EXERCISE REQUIREMENTS: Pictures aside, return every line below exactly as written.

DATA SHOWN:

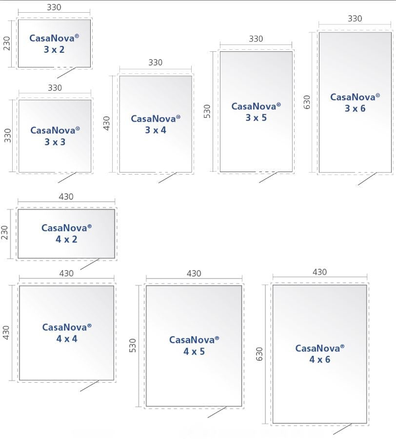 CasaNova is Available in 9 Sizes:
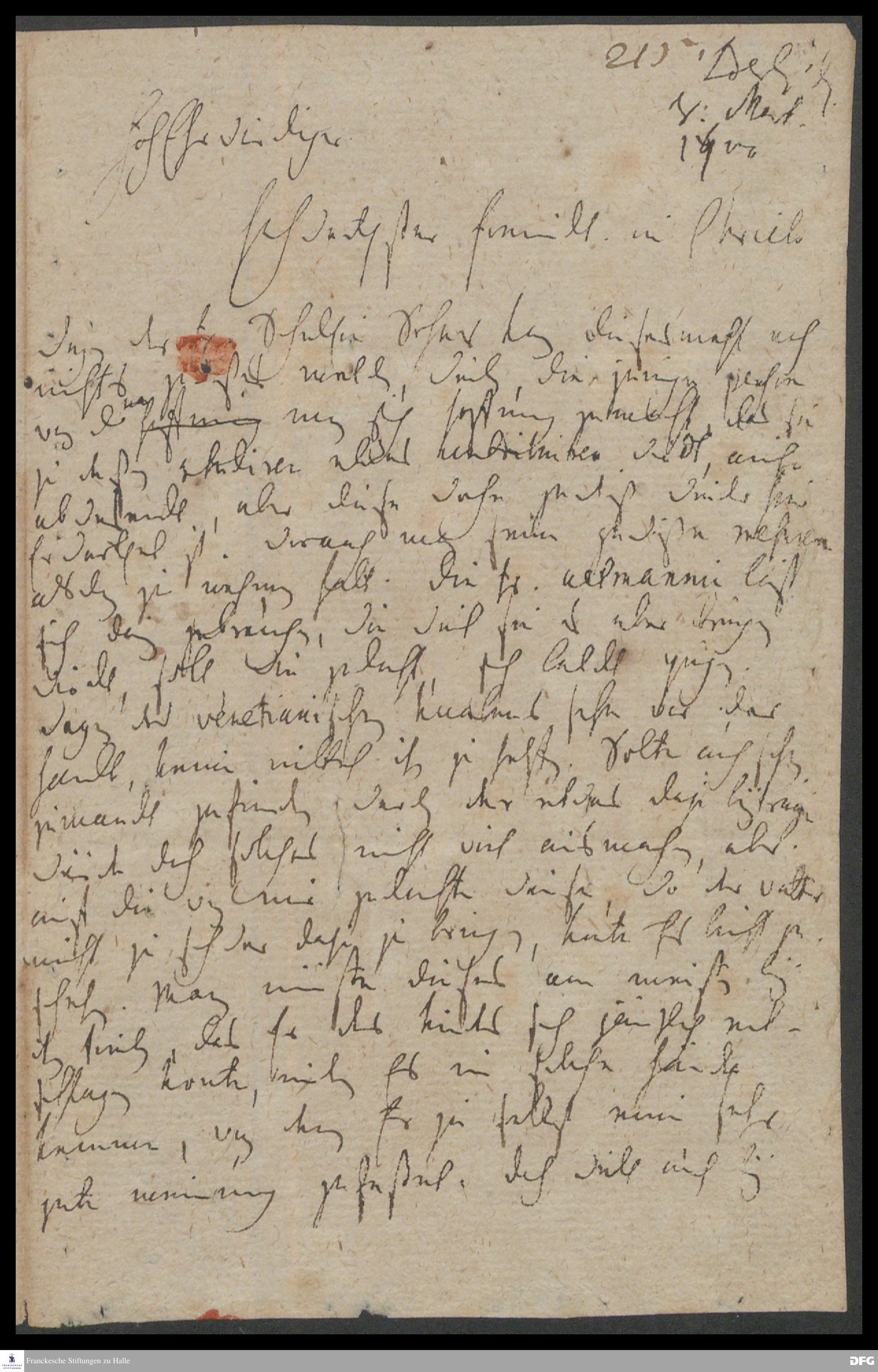 Brief von Carl Hildebrand v. Canstein an August Hermann Francke.
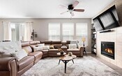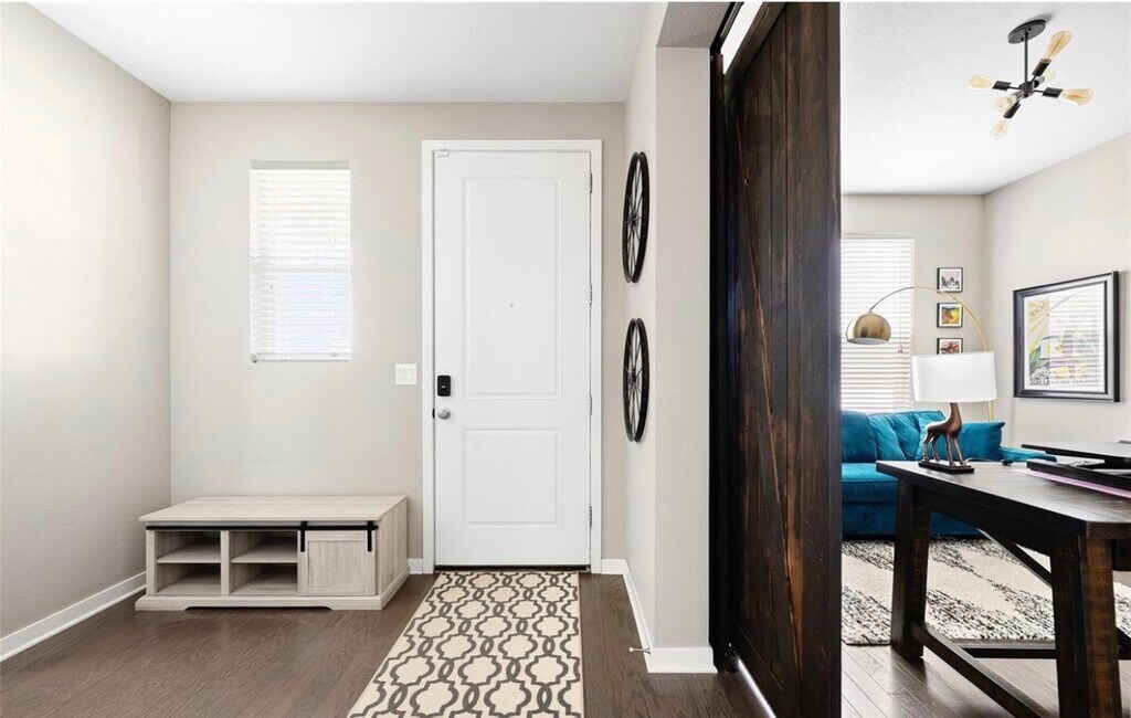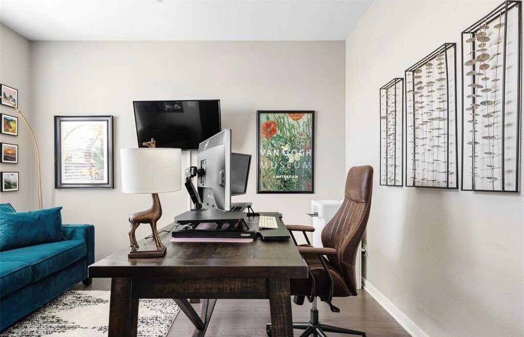 NOTE: This is not a fully furnished rental and pictures are staged. Thoughtful design and modern updates commingle throughout this elegant Meridian Village townhome. Illuminated in natural light, an open and spacious floorplan is enhanced by soaring ceilings and wood floors throughout the main level. The living room centers around a stylish tiled fireplace, while the kitchen shines with a large center island, sleek countertops, stainless steel appliances and a walk-in pantry. A private front office offers versatility, while the upstairs loft creates the perfect flex space for a media room or study. The primary suite features an oversized walk-in closet and a spa-like bath, complemented by the convenience of an upstairs laundry room. Outdoors, enjoy a private, fenced-in patio area or relax on the inviting front porch overlooking a greenbelt. With a two-car attached garage and a full unfinished basement with high ceilings, this residence provides abundant storage and future potential, all just moments from neighborhood parks, trails and open space. Utilities: Renters cover the cost of electricity, gas, water, and internet. Smoking Policy: This is a strictly smoke-free home no smoking or vaping is allowed anywhere on the property. Lease Terms: We prefer a 15-month lease, though a minimum of 12 months is required. Move-In Payments: Last month's rent will be collected at the time of lease signing. Pets: We love pets! Cats and small dogs (under 25 lbs) are welcome with a $50 monthly pet fee per pet.
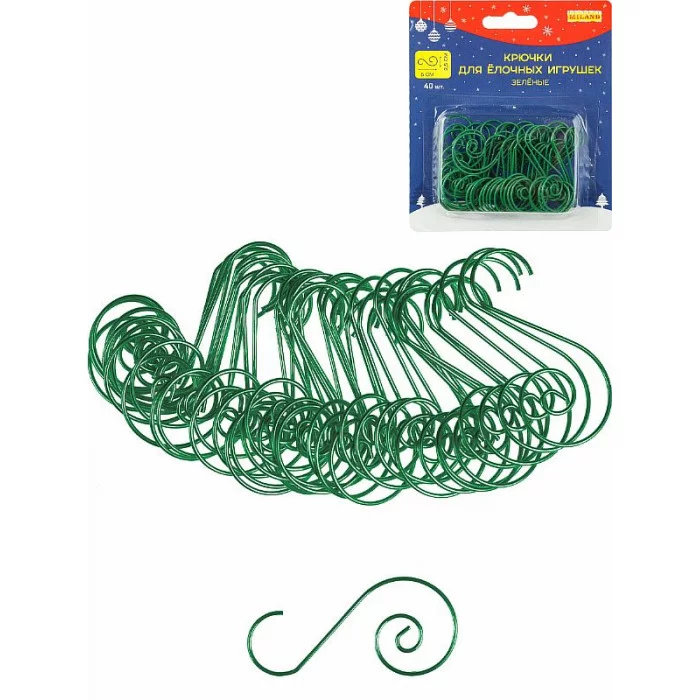 Набор металлических крючков (для ёлочных украшений) 40 шт зеленые 5*2.5см НУ-6176

TASK SOLUTION:
 CasaNova is Available in 9 Sizes:
 Brief von Carl Hildebrand v. Canstein an August Hermann Francke.
 NOTE: This is not a fully furnished rental and pictures are staged. Thoughtful design and modern updates commingle throughout this elegant Meridian Village townhome. Illuminated in natural light, an open and spacious floorplan is enhanced by soaring ceilings and wood floors throughout the main level. The living room centers around a stylish tiled fireplace, while the kitchen shines with a large center island, sleek countertops, stainless steel appliances and a walk-in pantry. A private front office offers versatility, while the upstairs loft creates the perfect flex space for a media room or study. The primary suite features an oversized walk-in closet and a spa-like bath, complemented by the convenience of an upstairs laundry room. Outdoors, enjoy a private, fenced-in patio area or relax on the inviting front porch overlooking a greenbelt. With a two-car attached garage and a full unfinished basement with high ceilings, this residence provides abundant storage and future potential, all just moments from neighborhood parks, trails and open space. Utilities: Renters cover the cost of electricity, gas, water, and internet. Smoking Policy: This is a strictly smoke-free home no smoking or vaping is allowed anywhere on the property. Lease Terms: We prefer a 15-month lease, though a minimum of 12 months is required. Move-In Payments: Last month's rent will be collected at the time of lease signing. Pets: We love pets! Cats and small dogs (under 25 lbs) are welcome with a $50 monthly pet fee per pet.
 Набор металлических крючков (для ёлочных украшений) 40 шт зеленые 5*2.5см НУ-6176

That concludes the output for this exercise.